# Pop-up banner adverts



## Bartsimpsonhead (Aug 14, 2011)

Does anyone else get these bloody annoying pop-up banner adverts that have started to appear below each picture people post in threads, and just today the large ones that run along the bottom of the screen?

They on appear on the TT Forum (not on any other sites I read), and I've got the preferences on my iPad set to block pop-up ads. Anyone else with an iPad or other device get these? And any suggestions on how to disable/block them?

Thanks.


----------



## John-H (Jul 13, 2005)

The extra banner ads are usual when you are not logged on.


----------



## Bartsimpsonhead (Aug 14, 2011)

Oh, I didn't realise it was that. Kinda puts paid to casual browsing without logging on.

And just found out the other day there's a box to check when you do log-in that prevents you being automatically logged-out after a while. If I'd known that at the start of my forum participation it'd have saved me hours re-writing posts that disappeared when I tried to post them. That's bloody annoying to.


----------



## John-H (Jul 13, 2005)

That's caught me out quite a few times too. The keeping you logged in check box works to good effect but you still get logged out occasionally for security but far less.

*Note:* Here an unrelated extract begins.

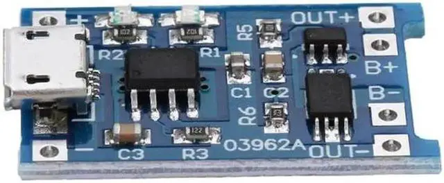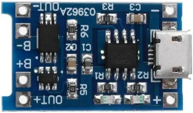 Use: 1. Input port with micro 5pin USB female, can directly use mobile charger for input to the lithium battery, and still retain the input voltage wiring solder joints, can be very convenient. 2. Connect the battery to B + B -, insert mobile phone charger to the USB Female then red light is charging and green is full of charged.
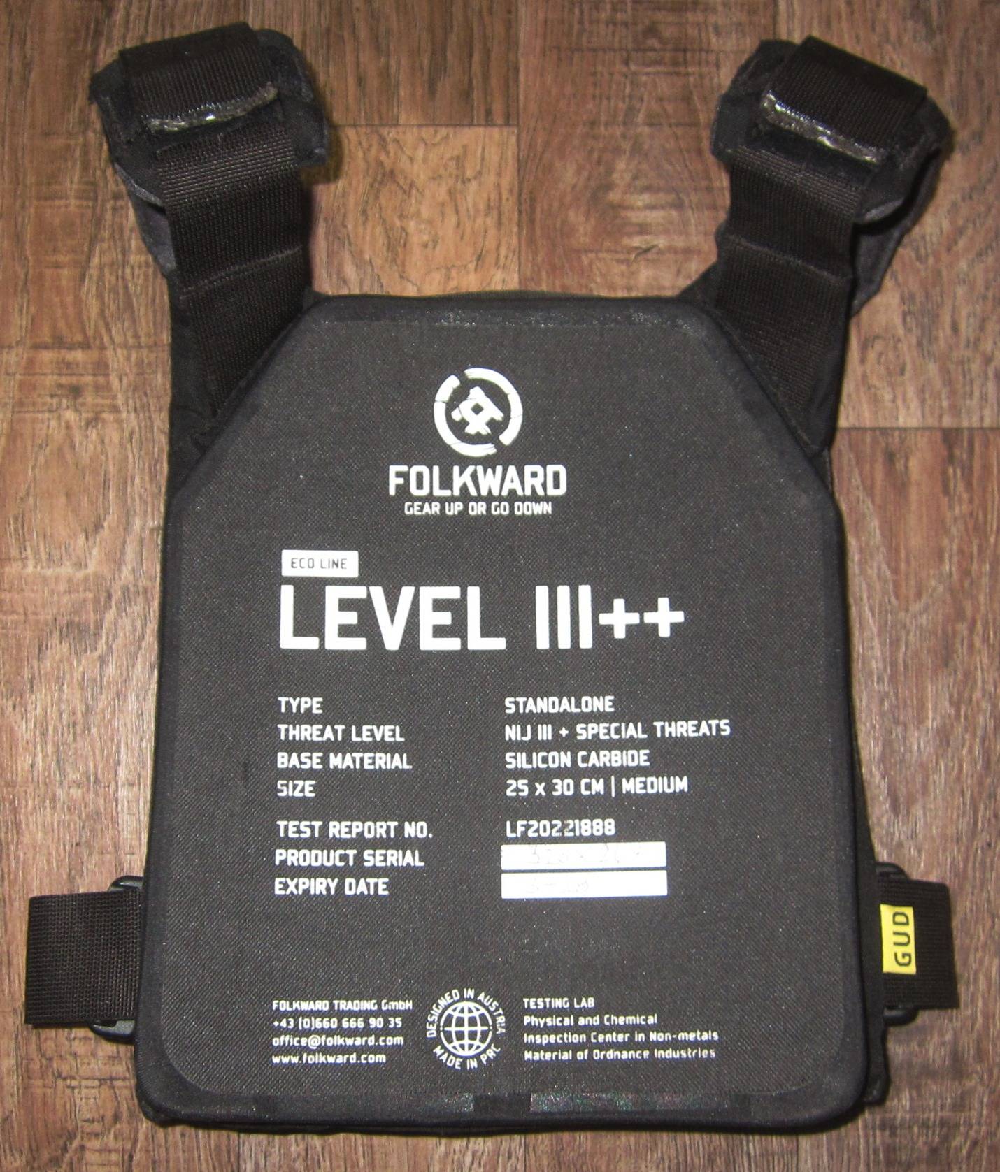 Плитоноска з австрійськими бронеплитами Folkward. Високий клас захисту ІІІ++ (аналог 5 класу по ДСТУ). Вага одної плити всього 2,6кг! Стан відмінний.

Incidentally, the losing a post scenario can be averted by copying to clipboard before submitting just in case. Sometimes you can go back a page and the edit window will still be intact although this seems browser/OS specific e.g IE on XP does not retain the text but Dolphin HD on Android does. Previewing a long post at various stages provides a good way of retaining a temporary backup whilst writing - just go back. You might need to refresh the page if it was previewed. You can log in on a separate browser window so as not to disturb the first. A few tricks - I hope that helps


----------



## Bartsimpsonhead (Aug 14, 2011)

Thanks for the tips. Sometimes when I've been lucky just hitting the back button's brought me back to the compose window and some- if not all-of the text has been there. Though more often than not its gone. Still, we live and learn...


----------